Voters approved 10, rejected 4 local measures in San Francisco

Voters in San Francisco decided on 14 local ballot measures on Nov. 8. Ten were approved and four were defeated.

Four were citizen initiatives, of which, one was approved and three were defeated. The city’s board of supervisors referred 10 of the measures to the ballot, of which 9 were approved and one was defeated.

The San Francisco Department of Elections certified election results on December 1, 2022. Of San Francisco’s 497,561 registered voters, ballots were cast by 310,071 voters, meaning voter turnout was 62.32%.

Some specific measures included:

  1. Proposition H, which was approved, changed elections for mayor, sheriff, district attorney, city attorney, and treasurer from odd-numbered years to November of presidential election years. It also changed the signature requirements for city ballot initiatives from 5% of votes cast for the mayor to 2% of registered voters.
  2. Proposition L, which was approved, continues an existing one-half cent sales tax through 2053 for transportation funding and allows the Transportation Authority to issue up to $1.91 billion in bonds for transportation projects. A two-thirds (66.67 percent) supermajority vote is required for approval of this measure.
  3. Proposition M, which was approved, allows the city to tax owners of vacant residential units in buildings with three or more units if the units have been vacant for more than 182 days in a year.

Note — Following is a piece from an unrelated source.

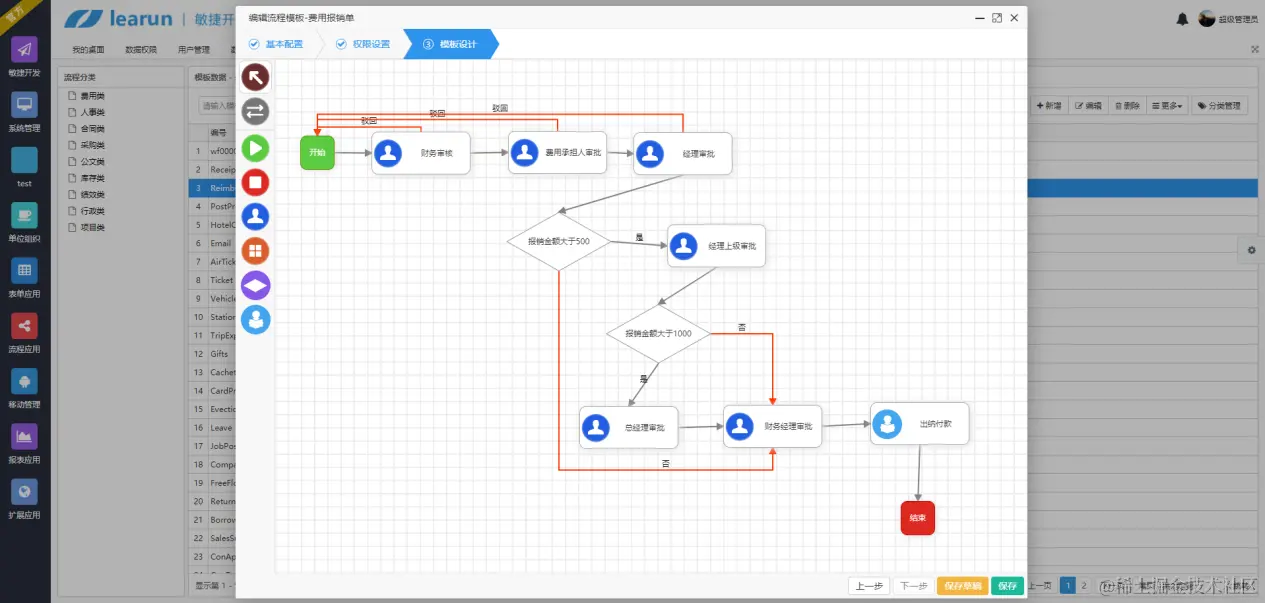 可视化工作流设计器比较直观,用户可以通过拖拉点拽等可视化操作来绘制流程,在流程中的线、节点进行权限和逻辑的配置,在一定程度上消除开发过程中出错的可能性。

The rate would be between $2,500–5,000 per vacant unit, continuing through 2053, and the revenue would be dedicated to rent subsidies and certain housing entities.

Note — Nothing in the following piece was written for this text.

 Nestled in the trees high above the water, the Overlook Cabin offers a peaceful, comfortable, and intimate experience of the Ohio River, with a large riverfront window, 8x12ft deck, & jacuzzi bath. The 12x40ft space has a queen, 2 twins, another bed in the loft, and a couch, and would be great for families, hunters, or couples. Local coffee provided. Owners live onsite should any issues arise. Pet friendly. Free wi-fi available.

On some topics, voters decided measures with opposing provisions. For example, Proposition D, which was defeated, would have expedited the approval of certain housing projects and removed the Board of Supervisors’ approval as a requirement for certain housing projects using city property or city financing. Proposition E, which was approved, expedited the approval of certain housing projects and continued requiring the Board of Supervisors’ approval for affordable housing projects using city property or city financing. 

Voters also decided to keep JFK Drive closed to cars and reserved for recreational use after competing measures appeared on the ballot.

San Francisco adopted the initiative and referendum process in 1898, more than a decade before California authorized it statewide. Ballot measures can be put before San Francisco voters in one of three ways: (1) the city council may refer them, (2) through a signature petition drive for an initiative, which proposes a new law, or (3) via a referendum, which puts a law that the city council passed before voters.

San Francisco voters decided on seven local measures on June 7, 2022, approving five and rejecting two. In November 2020, voters approved 12 of the 13 measures that appeared on the ballot. From 2010 through 2022, San Francisco voters decided on 158 local ballot measures—an average of 12.1 per year, including odd and even-numbered election years. Voters approved 109 (69%) and defeated 49 (31%).